Both Seekers' understanding of mission groups and Flinders' understanding of Satyagraha start with the work that has to be done in one's own soul. That is the only place where the spells we're under can be broken. Both point us to the need to create circles of strength and caring enclosing spaces where we can bring the stories that trouble us; where others will hear them; and where eventually, we can learn to respond to them effectively. It is one of the glories of Seekers' that the coming together creates these circles of both women and men, who hear and teach each other.

Both Seekers and Satyagraha emphasize the importance of consistent spiritual disciplines: of prayer, of study, of times of silence, of self-reflection. What Flinders calls "the enclosure of consistent practices" leads us to understand that both our despairs and hopes for the world "are finally about oneself: one's own consciousness, one's own capacities and relationships, the depth of one's own desire to begin setting things right, and the opportunities that one's own situation affords." Knowing this about us is part of the process that Seekers might name Call.

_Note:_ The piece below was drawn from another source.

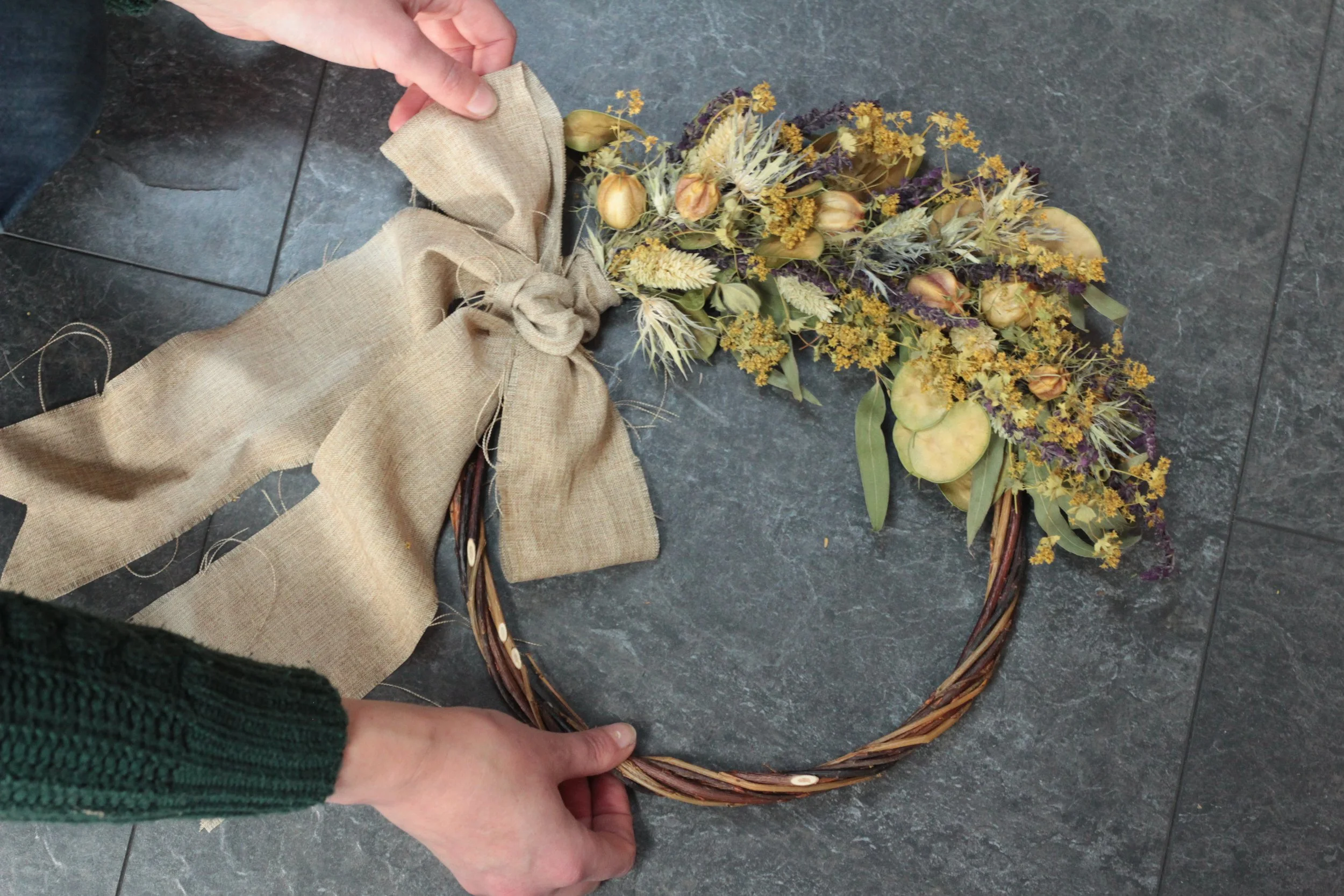 With the dried flower wreath we use different materials to attach the flowers and foliage to the willow base. These pieces will last you many years to come with the correct care.

It makes reassuring sense to me that there should be this kind of correspondence between two different descriptions of the link between personal spirituality and possible healing for the larger culture. To remember the connection seems energizing to me. I like the idea that our life in mission group is of "eternal significance," as the Members' Guide puts it-- it seems a good guide to help us stay the course. We can take this seriously: it's about us, but it isn't only about us. Our sisters need us; our brothers need us. Our children need us. The world needs us.